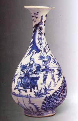 “蒙恬將軍”玉壺春梅瓶出土于湖南常德市,現(xiàn)藏于湖南省博物館。玉壺春瓶為酒壺的一種,古代糧食酒常冬天釀造,春天飲用,故多以“春”為名。畫面中蒙恬頂盔貫甲,面相威嚴(yán),端坐在椅上。其后一武士披甲懸劍,雙手握一桿大旗,旗上直行書“蒙恬將軍”四大字。蒙恬的前方一名高鼻深目,手持彎弓的武士前來(lái)稟告。武士的身后一頭戴氈笠,短衣束帶的士卒右手按一抓來(lái)的官吏,此人戴高冠,著花袍,作漢人裝束,跪伏于地。整個(gè)畫面繪蒙恬將軍審訊戰(zhàn)俘的場(chǎng)景。蒙恬滿面鋼髯,端然穩(wěn)坐的姿態(tài),以及背后高高樹(shù)起的大旗,展示了巍然肅殺之氣。
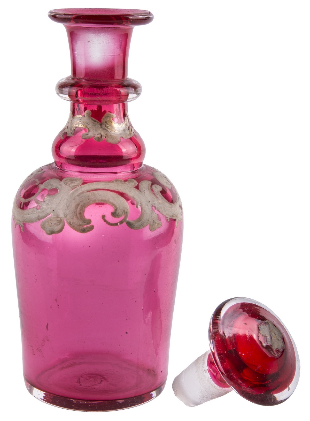 Стекло матовое бесцветное, люстр фиолетовый, роспись.
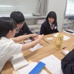 その後、先輩方や先生から角度計の使い方を教えてもらいながら、一緒に手指の関節可動域を測定しました。今回の模擬授業は、1年生後期に開講される作業療法評価学演習の一部分です。入学後は少しずつ専門的な勉強をしていきます。
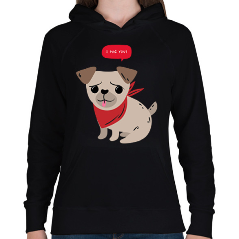 1 kép PRINTFASHION Mopsz - I pug you - Női kapucnis pulóver - Fekete
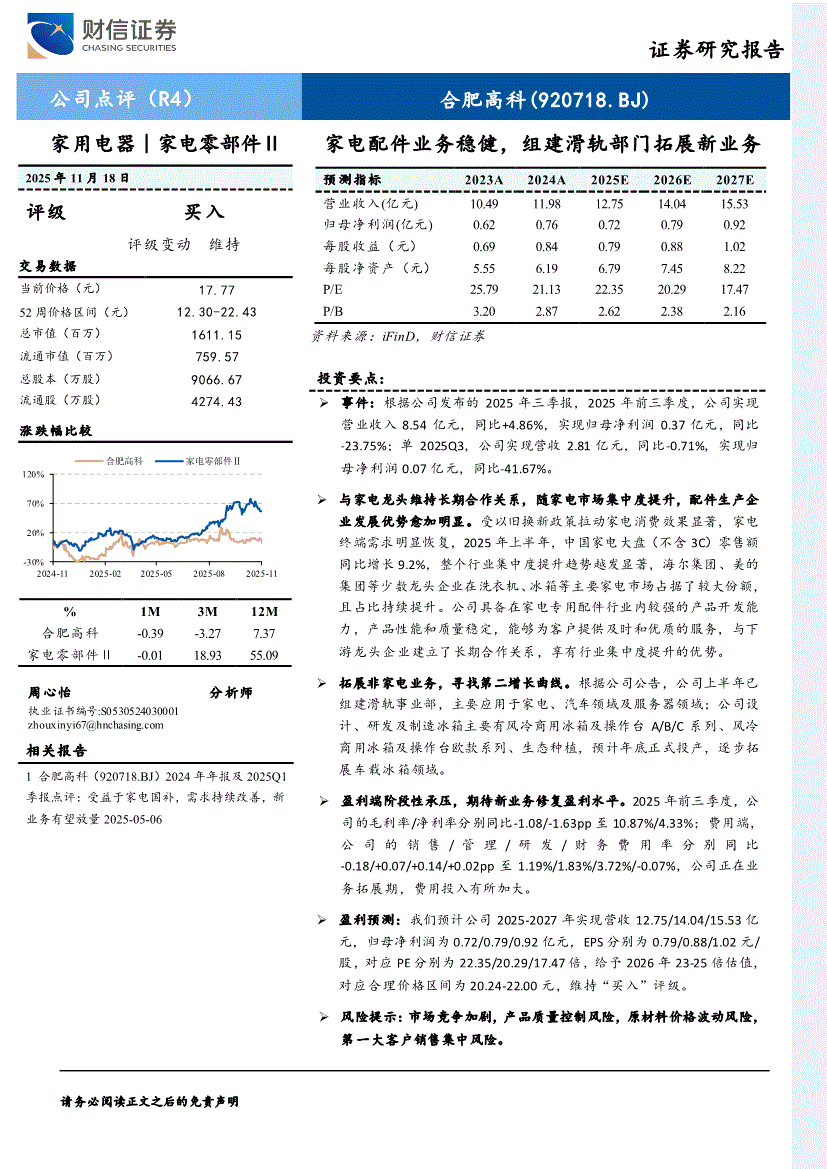 合肥高科:财信证券-合肥高科-920718-家电配件业务稳健,组建滑轨部门拓展新业务-251118

....

▸ What the exercise asks
Only exact copies are wanted here. Write out the lines from the one containing "1 kép PRINTFASHION" through the end of the material and no others, omitting all pictures.

▸ Result of this task
 1 kép PRINTFASHION Mopsz - I pug you - Női kapucnis pulóver - Fekete
 合肥高科:财信证券-合肥高科-920718-家电配件业务稳健,组建滑轨部门拓展新业务-251118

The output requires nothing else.